We recently upgraded our long-term rating on Equinix Inc. (EQIX), a leading provider of data center solutions, to Outperform from Neutral. The rating was upgrade on the back of third-quarter 2010 earnings results, which were in line with the Zacks Consensus Estimate.
The upgrade was driven by strong demand across international markets, especially in the global data center services segment, encouraging fourth quarter and fiscal 2010 guidance and continuous efforts to expand the current facilities.

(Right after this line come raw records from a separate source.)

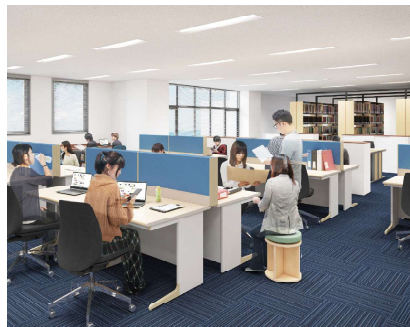
大学院生（修士課程と博士後期課程）の院生デスク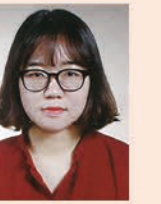
신연경 기자 경기신문

“수원문화재단의 ‘도도링크(島島Link)’ 사업은 코로나19로 어려운 때에 반기운 기회로 다가 왔습니다.”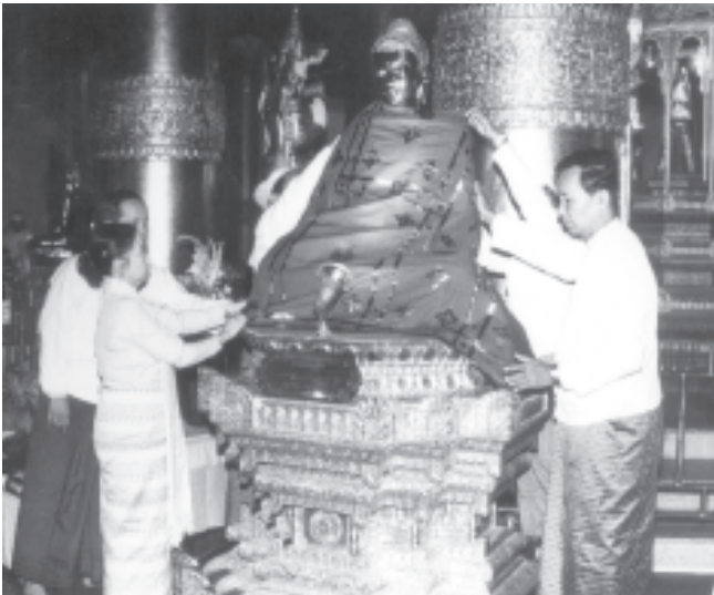
နိုင်ငံတော်အေးချမ်းသာယာရေးနှင့်ဖွံ့ဖြိုးရေးကောင်စီဝင် ဗိုလ်ချုပ်ကြီးသုရက္ခမန်းနှင့်ဇနီး ဒေါ်ခင်လေးသက်တို့က ဝရဒါဌာဓာတုဓေတိယ ဇွယ်တော်မြတ်ဓေတီတော်(ရန်ကုန်) နဝမအကြိမ် ဗုဒ္ဓပူဇော်ယဉ်တော် ဗုဒ္ဓါဘိသေက အဓိကဓာတင်ပွဲ၊ ရွှေကြာသင်္ကန်း ကပ်လှူပူဇော်ပွဲနှင့် ဆွမ်းဆန်စိမ်းလောင်းလှူပွဲတွင် လာဘာမုဒြာ ဗုဒ္ဓရုပ်ပွား ဆင်းတုတော်အား ရွှေကြာသင်္ကန်း ဆက်ကပ်လှူဒါန်းစဉ်။ (သတင်းစဉ်)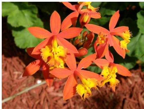
Slika 28. Vrsta roda Epidendrum

Samo ime Epidendrum (Slika 28.) govori da rastu na drveću. Broj i boja cvjetova ovisi o vrsti, a mogu biti orhideje sa pojedinačnim cvjetovima i orhideje sa mirisnim cvatovima. Rasprostranjene su od Južne Karoline do Argentine. Broje oko 750 vrsta.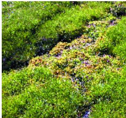
Font d'aigua dura a Filià (vall Fosca). E. Carrillo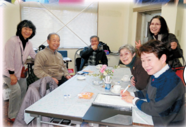
おしゃべりに花が咲きます

Third Quarter: Looking Back
Equinix’s third-quarter adjusted earnings per share of 27 cents were in line with the Zacks Consensus Estimate. However, revenue of $330.3 million was above the Zacks Consensus of 329.0 million. Both recurring and non-recurring revenues witnessed more than 45.0% year-over-year growth.

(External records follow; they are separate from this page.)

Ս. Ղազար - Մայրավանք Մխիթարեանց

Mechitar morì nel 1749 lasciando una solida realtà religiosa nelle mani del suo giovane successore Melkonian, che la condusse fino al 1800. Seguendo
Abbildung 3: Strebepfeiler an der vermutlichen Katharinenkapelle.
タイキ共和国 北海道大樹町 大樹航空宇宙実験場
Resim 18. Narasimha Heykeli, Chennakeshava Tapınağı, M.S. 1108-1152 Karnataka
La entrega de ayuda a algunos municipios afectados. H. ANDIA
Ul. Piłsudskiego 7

Cash gross margin (excluding depreciation, amortization and stock-based compensation) increased 100 basis points year over year to 65.0%.
Reported net income in the quarter came in at $11.2 million or 24 cents per diluted share versus net income of $18.8 million or 47 cents in the year-ago quarter. However, excluding restructuring charges and acquisition costs but including stock-based compensation, adjusted net income came in at $12.6 million or 27 cents.

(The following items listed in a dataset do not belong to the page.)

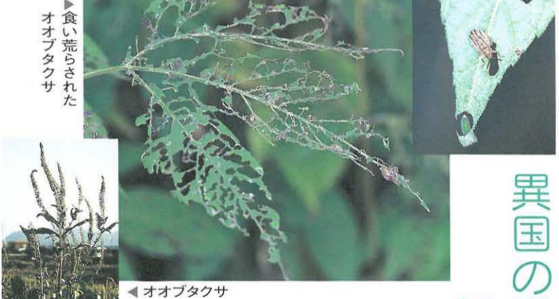
食べ荒らされたオオブタクサ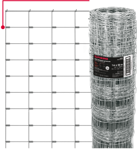
Empalmes en las bisagras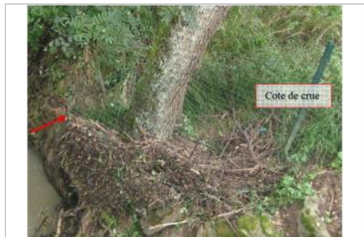
photo repère de crue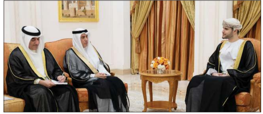
وزير الدولة ومحافظ مسقط السيد بلعرب بن هيثم آل سعيد خلال اللقاء مع سفيرنا لدى سلطنة عمان د.محمد الهاجري

تطلعات قيادتي البلدين والشعبين الشقيقين نحو مزيد من التقدم والأزدهار.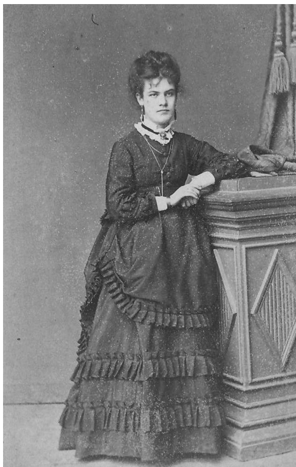
7. Doamnă din elitele sociale basarabene pozând într-un atelier fotografic, imagine tip „carte de vizite”, al treilea sfert al sec. XIX, fotocredit: MNEIN FB-24108/86.

Odată cu anul 1890 au început să se croiască în special costume compozite, influențate de moda secolelor XVI-XVIII, culorile fiind în general pastelate (crem, roz, bleu, gri, auriu).

For the fiscal 2010, Equinix expects total revenue to range between $1.21 billion and $1.22 billion. Cash gross margin is expected to be around 65%. Cash selling, general and administrative expenses are expected to be approximately $250.0 million. Adjusted EBITDA is expected around $542.0 million.
Capital expenditures are expected in the range of $560.0 to $580.0 million, comprising approximately $110.0 million of ongoing expenditures and $450.0 to $470.0 million of expansion activity.
For fiscal 2011, Equinix’s revenue is expected to be greater than $1.50 billion. Adjusted EBITDA is expected to be about $675.0 million. Capital expenditures are expected to be around $400.0 milion.
Market Research firm Interactive Data Corp. expects carrier-neutral co-location market to grow at a four-year CAGR of 23% to €2.0 billion in 2013 impacted by strong demand. We believe Equinix is well positioned to capitalize on growing market demand, as many service providers and enterprise network operators are already moving toward the evaluation and deployment of next-generation Ethernet services.
Moreover, we remain encouraged with Equinix’s facility expansion. In September, company announced its plans to build its third International Business Exchange (IBX) data center in Tokyo, TY3.
Tokyois a strategic market for Equinix due to the region’s access to bandwidth cable systems, and is regarded as the dominant market with respect to emerging wireless Internet access technology and networks in Asia. The TY3 IBX illustrates Equinix’s focus on this strategic market and its ability to add customer-driven capacity to its global platform.
Currently, Equinix has Zacks #1 Rank, implying a short-term Strong Buy rating.